Before changing the value repeatedly, confirm whether the verification record is visible at the authoritative DNS host.

If you want the broader email DNS order before editing anything, start with the email DNS checker guide.

What domain verification means

Domain verification is how a service confirms that you control a domain.

A platform may require verification before it lets you use a custom email domain, activate Google Workspace or Microsoft 365, add a domain to Cloudflare, use a custom sending domain, set up DKIM, use a branded tracking domain, connect a website domain, verify a business account, or issue SSL certificates for a custom hostname.

The provider usually proves control by asking you to add a unique DNS record.

If you can add that record to the live DNS zone, you likely control the domain.

Common domain verification record types

Verification can use several methods.

For email and DNS setup, TXT and CNAME are the most common.

Verification is not the same as email setup

Verifying a domain proves ownership. It does not automatically finish email setup.

After domain verification, you may still need MX records, mailboxes or aliases, SPF, DKIM, DMARC, autodiscover for Microsoft 365, email routing rules, or third-party sender authentication.
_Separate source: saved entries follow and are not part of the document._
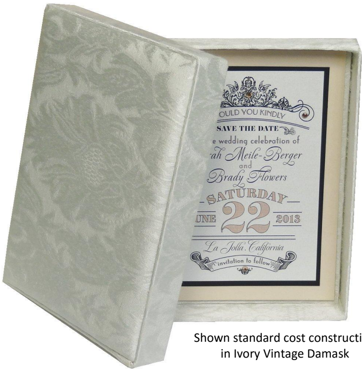
Shown standard cost construction in Ivory Vintage Damask
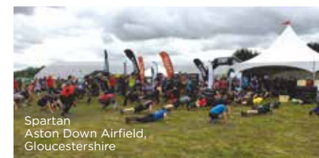
Spartan Aston Down Airfield, Gloucestershire
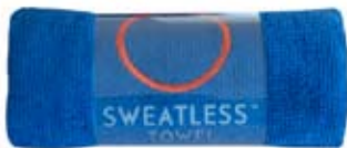
YogiToes Sweatless Towels $20
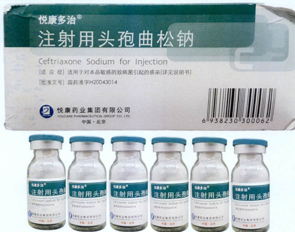
Youcare Ceftriaxone Sodium for Injection 1.0g

by: Youcare Pharmaceutical Group Co., Ltd.
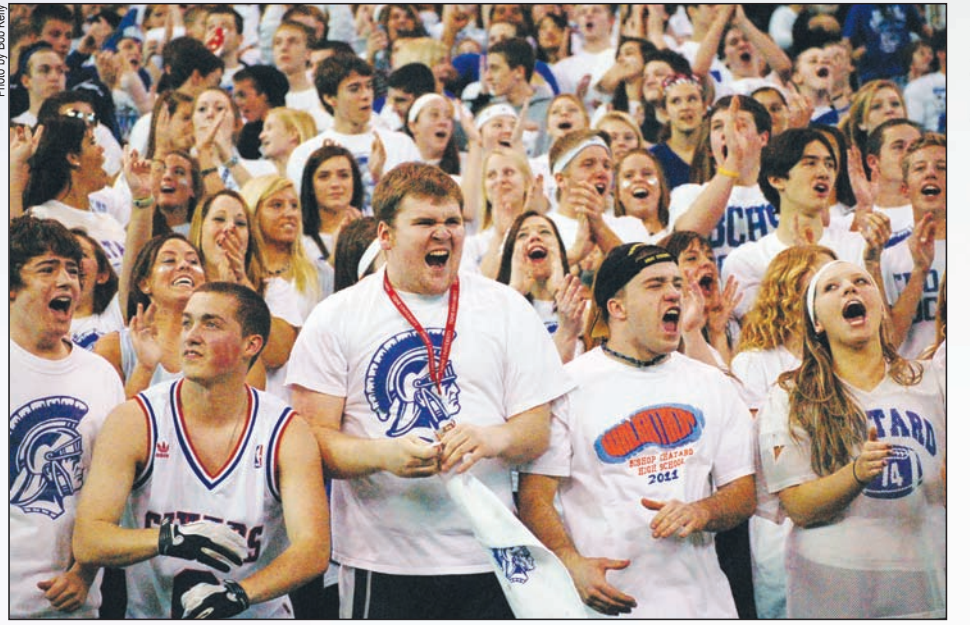
The student section from Bishop Chatard High School in Indianapolis roars its approval as its Trojans football team captures another Class 3A state championship by beating St. Joseph High School of South Bend 21-7 on Nov. 26 at Lucas Oil Stadium in Indianapolis.
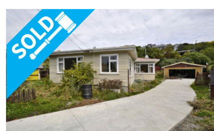
27 Bishopsworth Street, HILLSBOROUGH $313,000
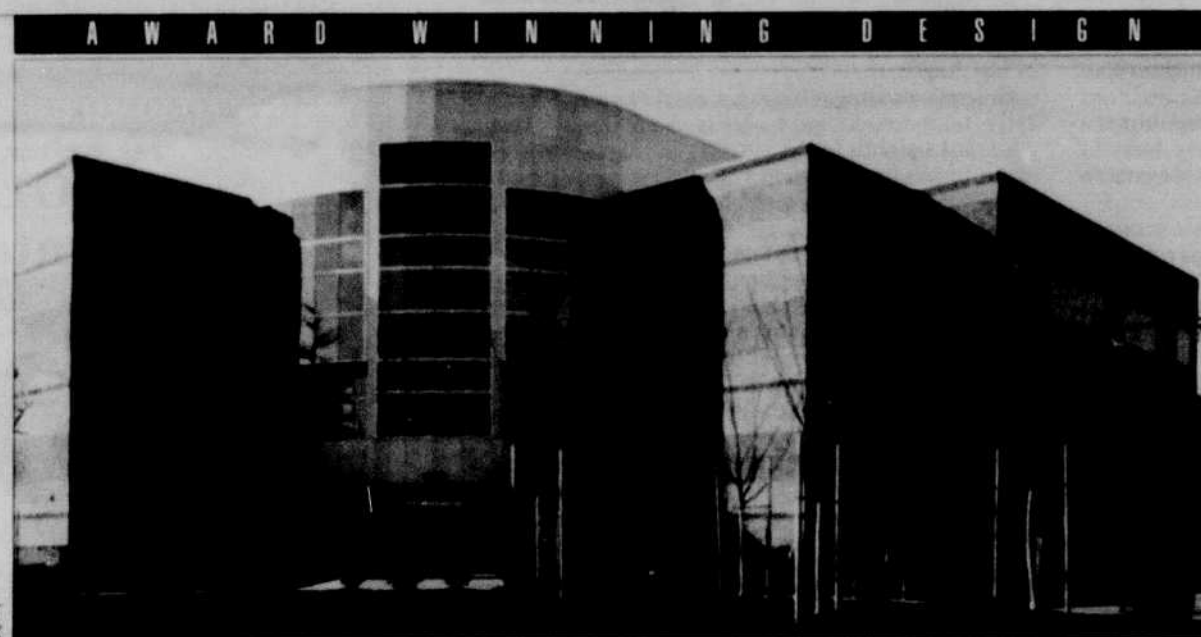
1600 MILLRACE DRIVE RIVERFRONT RESEARCH PARK

For example, you may add a Google verification TXT record successfully and Google verifies the domain, but email still does not receive messages because MX records still control where incoming email is delivered.

Read the MX Record Checker guide if incoming email does not arrive, and use the business email setup checklist for the full launch sequence.

Step 1: confirm active nameservers

This is the first and most important check. Nameservers tell the internet which DNS provider is authoritative for the domain.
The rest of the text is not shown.